MOVEMENT BEHAVIOR DURING PREGNANCY AND ADVERSE MATERNAL-FETAL OUTCOMES IN WOMEN WITH GESTATIONAL DIABETES: A PILOT CASE-CONTROL STUDY
gestational diabetes; health outcomes; physical activity; sedentary behavior
Gestational diabetes mellitus (GDM) is a major complication in pregnancy. GDM is associated with a higher risk for adverse maternal-fetal outcomes. Associations between movement behavior, including physical activity (PA) and sedentary behavior (SB) with maternal-fetal outcomes are still unclear. The objective of this study was to investigate associations between movement behavior with adverse maternal-fetal outcomes in women with GDM. A total of 68 women with GDM (20-35 weeks; 32.1±5.8 years) were included in this pilot case-control study. The cases were defined by the presence of an adverse composite maternal-fetal outcome (preterm birth, newborn large-for-gestational-age, and neonatal hypoglycemia). Controls were defined as no adverse maternal-fetal outcome. PA intensities and domains, steps/day (pedometer), and SB were analyzed. A total of 35.3% of participants showed adverse maternal-fetal outcomes (n=24). The controls showed a higher moderate-intensity PA level than the cases (7.5, 95%CI 3.6–22.9 vs. 3.1, 95%CI 0.4–10.3 MET-h/wk; p=0.04).

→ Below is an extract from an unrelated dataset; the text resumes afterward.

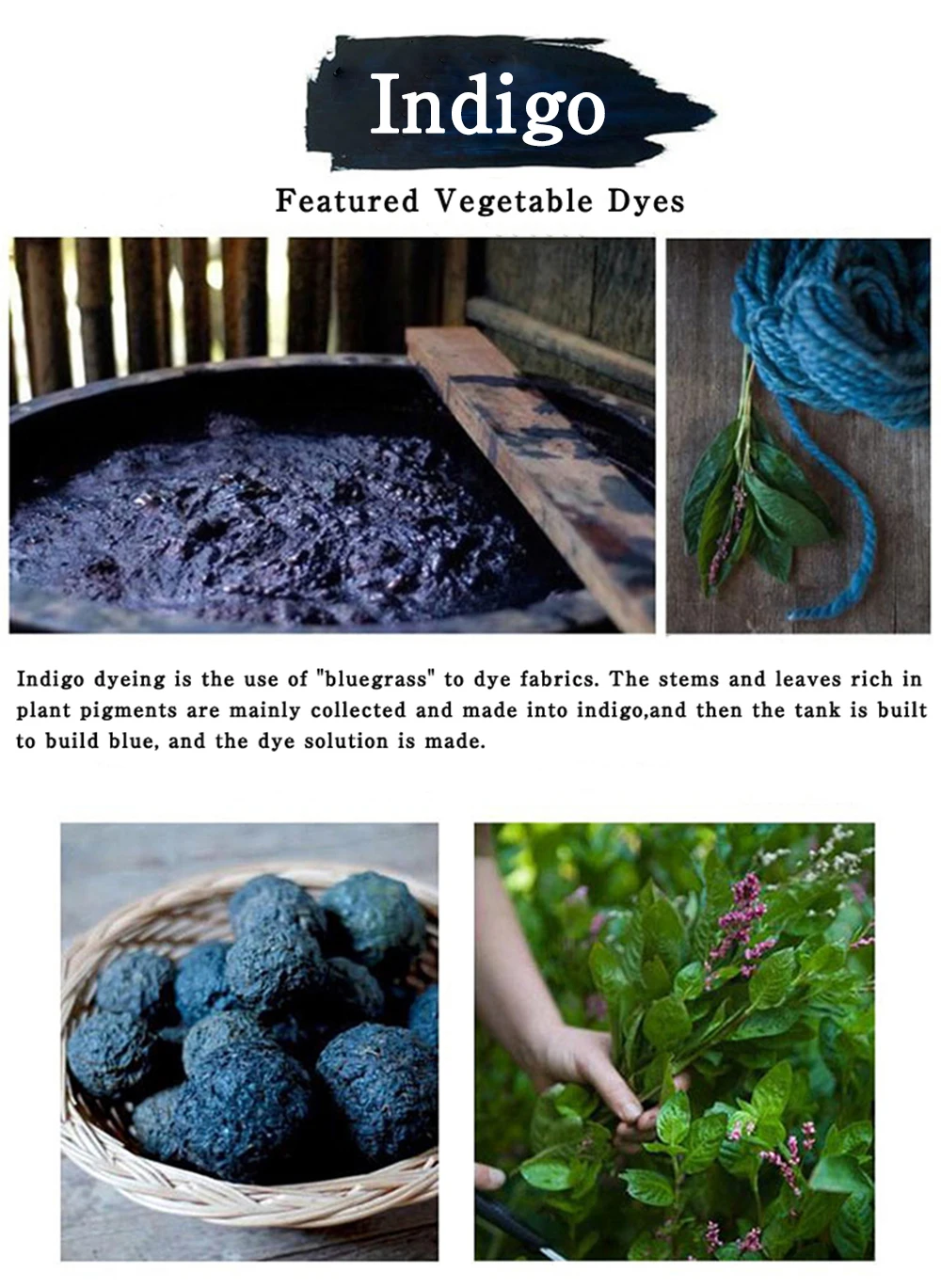 Dyeing process: plant blue dyeing + ink dyeing

The moderate-intensity PA level was associated with lower risk for adverse maternal-fetal outcomes (OR 0.21, 95%CI 0.05–0.91). No significant associations were observed for other PA and SB measures (p > 0.05). In conclusion, moderate-intensity PA during pregnancy seems to have a protective role against adverse maternal-fetal outcomes in women with GDM.